═══ Exercise data
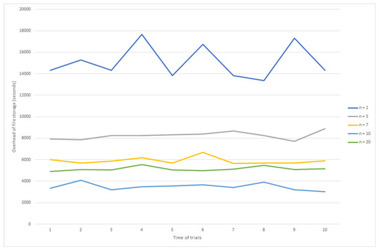 In simulation, the overhead of the traditional scheme includes the time of big data transmission from the client to cloud storage platforms. For the proposed scheme, the overhead includes the pre-processing cost of big data, which are file splitting, encryption, decryption, and the maximum transmission time of all the data parts. We test the proposed scheme in 5 different situations, which each situation handle different of number of fragments. In addition, we test each situation of the proposed scheme and the traditional Scheme 10 times individually. We record the whole process occur in our proposed scheme. It includes file splitting, fragments encryption, fragment uploading to cloud storage, fragment downloading from cloud storage, fragments decryption, and file merging. The simulation results are shown in Figure 12.
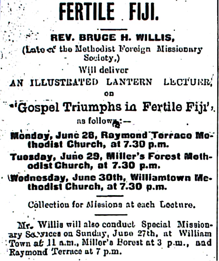 Advertisement for an illustrated lantern lecture and special missionary services to be held at the William Methodist Church [Raymond Terrace Examiner and Lower Hunter and Port Stephens Advertiser, 25 June 1920]
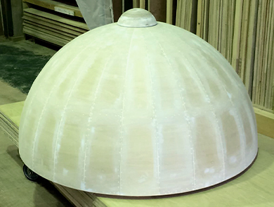 薄いベニヤ板を20枚以上繋ぎ合わせてドーム形状を再現した木工造作。少しの歪みも許されない難易度の高い造作で、ベテランの職人が手を掛けて完成させました。 おもちゃショー2018にてお城を再現したブースのドーム部分に使用しました。
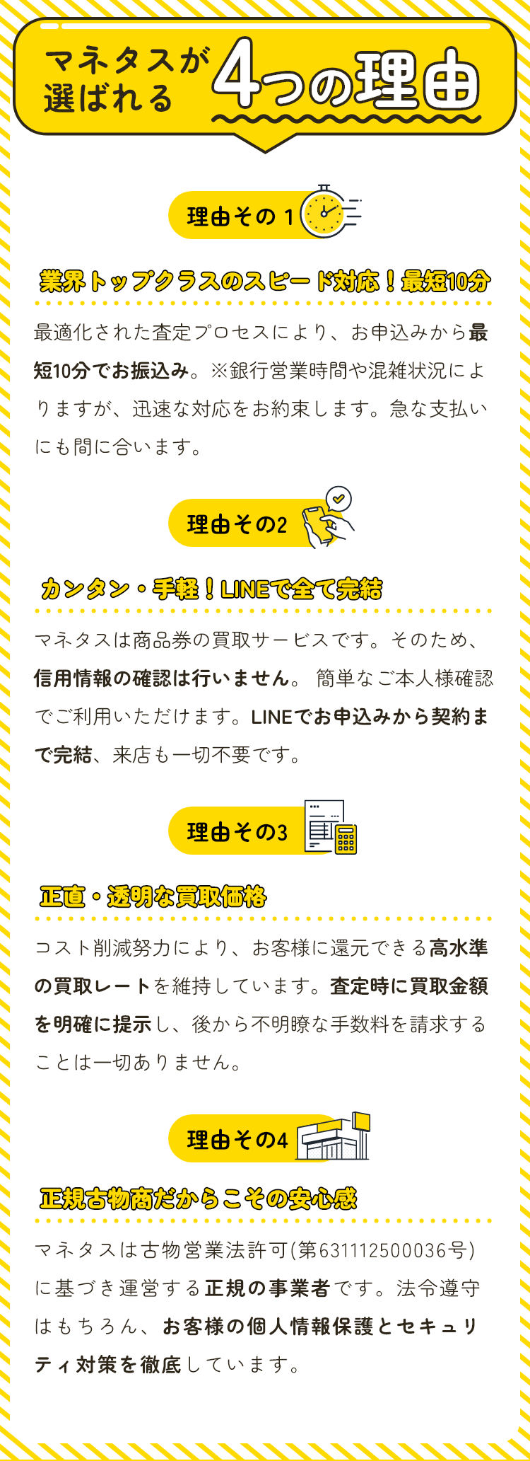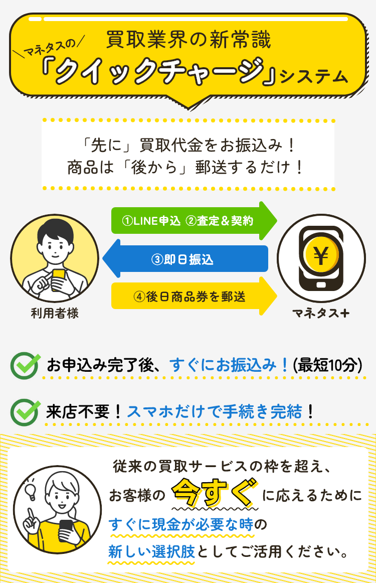 ※1 査定完了から振込完了までの最短時間。申込時間や混雑状況により変動する場合があります。※2 買取率は商品の種類や市場価格、発送タイミングにより変動します。※3 16時以降のお申込みは、翌営業日の対応となる場合があります。※4 古物営業法に基づく買取サービスであり、金融商品ではありません。
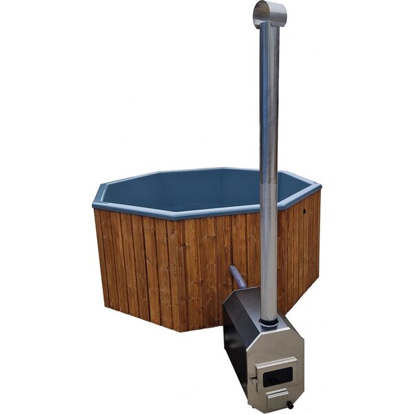 Voit valita viidestä värivaihtoehdoista juuri sinulle sopivan vaihtoehdon: tummansininen (RAL 5010), vaaleansininen (RAL 5024), tummanharmaa (RAL 7015), vaaleanharmaa (RAL 7035), valkoinen (RAL 9003). Kylpytynnyrisettiin sisältyy lasikuituallas, alusta, puuviimeistely, vedenpoisto, 30kW ulkokamiina ja piippu.
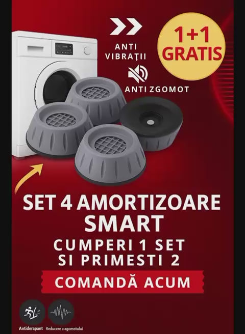 🔇 Scapă de zgomot și vibrații! Aceste amortizoare smart anti-vibrație si anti-alunecare sunt soluția simplă și eficientă pentru a-ți păstra casa liniștită și podeaua protejată atunci când mașina de spălat sau uscătorul sunt în funcțiune.
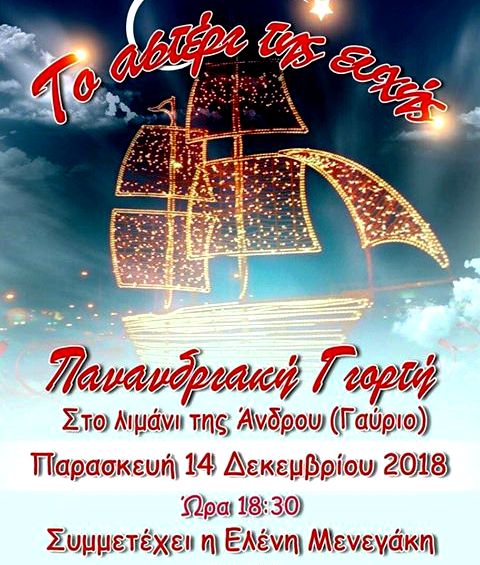 «Μ ένα καράβι φως υποδεχόμαστε σήμερα τα Χριστούγεννα στο λιμάνι της Άνδρου! Σε μια γιορτή χαράς , ελπίδας και προσφοράς ντυμένη με αγάπη , μουσικές , μυρωδιές και δημιουργίες από κάθε γωνία του νησιού , το Γαύριο φωτίζει το καράβι του και ανοίγει τριήμερο εορταστικών εκδηλώσεων σήμερα στις 6:30 μ.μ»
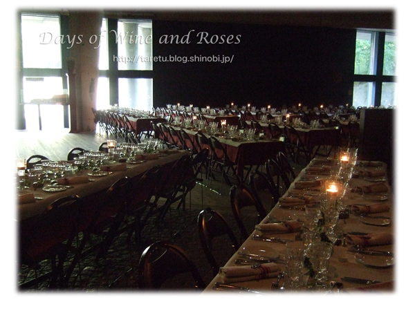 もちろん、本格的なディナーでワイングラスも赤白並んでます。椅子こそ、折り畳み式ですが、きちっと布のテーブルクロスで本格的。
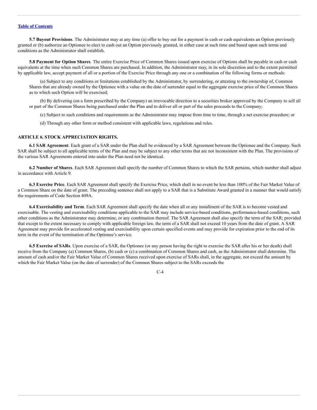 Table of Contents 5.7 Buyout Provisions. The Administrator may at any time (a) offer to buy out for a payment in cash or cash equivalents an Option previously granted or (b) authorize an Optionee to elect to cash out an Option previously granted, in either case at such time and based upon such terms and conditions as the Administrator shall establish. 5.8 Payment for Option Shares. The entire Exercise Price of Common Shares issued upon exercise of Options shall be payable in cash or cash equivalents at the time when such Common Shares are purchased. In addition, the Administrator may, in its sole discretion and to the extent permitted by applicable law, accept payment of all or a portion of the Exercise Price through any one or a combination of the following forms or methods: (a) Subject to any conditions or limitations established by the Administrator, by surrendering, or attesting to the ownership of, Common Shares that are already owned by the Optionee with a value on the date of surrender equal to the aggregate exercise price of the Common Shares as to which such Option will be exercised; (b) By delivering (on a form prescribed by the Company) an irrevocable direction to a securities broker approved by the Company to sell all or part of the Common Shares being purchased under the Plan and to deliver all or part of the sales proceeds to the Company; (c) Subject to such conditions and requirements as the Administrator may impose from time to time, through a net exercise procedure; or (d) Through any other form or method consistent with applicable laws, regulations and rules. ARTICLE 6. STOCK APPRECIATION RIGHTS. 6.1 SAR Agreement. Each grant of a SAR under the Plan shall be evidenced by a SAR Agreement between the Optionee and the Company. Such SAR shall be subject to all applicable terms of the Plan and may be subject to any other terms that are not inconsistent with the Plan. The provisions of the various SAR Agreements entered into under the Plan need not be identical. 6.2 Number of Shares. Each SAR Agreement shall specify the number of Common Shares to which the SAR pertains, which number shall adjust in accordance with Article 9. 6.3 Exercise Price. Each SAR Agreement shall specify the Exercise Price, which shall in no event be less than 100% of the Fair Market Value of a Common Share on the date of grant. The preceding sentence shall not apply to a SAR that is a Substitute Award granted in a manner that would satisfy the requirements of Code Section 409A. 6.4 Exercisability and Term. Each SAR Agreement shall specify the date when all or any installment of the SAR is to become vested and exercisable. The vesting and exercisability conditions applicable to the SAR may include service-based conditions, performance-based conditions, such other conditions as the Administrator may determine, or any combination thereof. The SAR Agreement shall also specify the term of the SAR; provided that except to the extent necessary to comply with applicable foreign law, the term of a SAR shall not exceed 10 years from the date of grant. A SAR Agreement may provide for accelerated vesting and exercisability upon certain specified events and may provide for expiration prior to the end of its term in the event of the termination of the Optionee’s service. 6.5 Exercise of SARs. Upon exercise of a SAR, the Optionee (or any person having the right to exercise the SAR after his or her death) shall receive from the Company (a) Common Shares, (b) cash or (c) a combination of Common Shares and cash, as the Administrator shall determine. The amount of cash and/or the Fair Market Value of Common Shares received upon exercise of SARs shall, in the aggregate, not exceed the amount by which the Fair Market Value (on the date of surrender) of the Common Shares subject to the SARs exceeds the   C-4
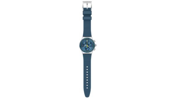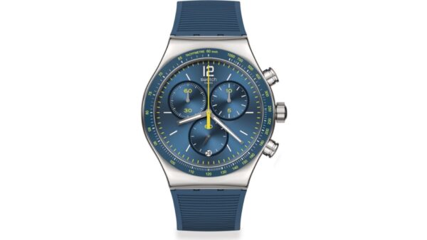 Integra movimiento de cuarzo preciso, cronógrafo, función de fecha (ventana “date”), caja de acero inoxidable pulido, correa de caucho azul texturizada, esfera azul cepillada y resistencia al agua hasta 30 metros.
══════
From the material above, reproduce only what runs from the line holding "薄いベニヤ板を20枚以上繋ぎ" down to the line holding "sunt în funcțiune.", both included, pictures excluded.

> [Solved exercise]:
 薄いベニヤ板を20枚以上繋ぎ合わせてドーム形状を再現した木工造作。少しの歪みも許されない難易度の高い造作で、ベテランの職人が手を掛けて完成させました。 おもちゃショー2018にてお城を再現したブースのドーム部分に使用しました。
 ※1 査定完了から振込完了までの最短時間。申込時間や混雑状況により変動する場合があります。※2 買取率は商品の種類や市場価格、発送タイミングにより変動します。※3 16時以降のお申込みは、翌営業日の対応となる場合があります。※4 古物営業法に基づく買取サービスであり、金融商品ではありません。
 Voit valita viidestä värivaihtoehdoista juuri sinulle sopivan vaihtoehdon: tummansininen (RAL 5010), vaaleansininen (RAL 5024), tummanharmaa (RAL 7015), vaaleanharmaa (RAL 7035), valkoinen (RAL 9003). Kylpytynnyrisettiin sisältyy lasikuituallas, alusta, puuviimeistely, vedenpoisto, 30kW ulkokamiina ja piippu.
 🔇 Scapă de zgomot și vibrații! Aceste amortizoare smart anti-vibrație si anti-alunecare sunt soluția simplă și eficientă pentru a-ți păstra casa liniștită și podeaua protejată atunci când mașina de spălat sau uscătorul sunt în funcțiune.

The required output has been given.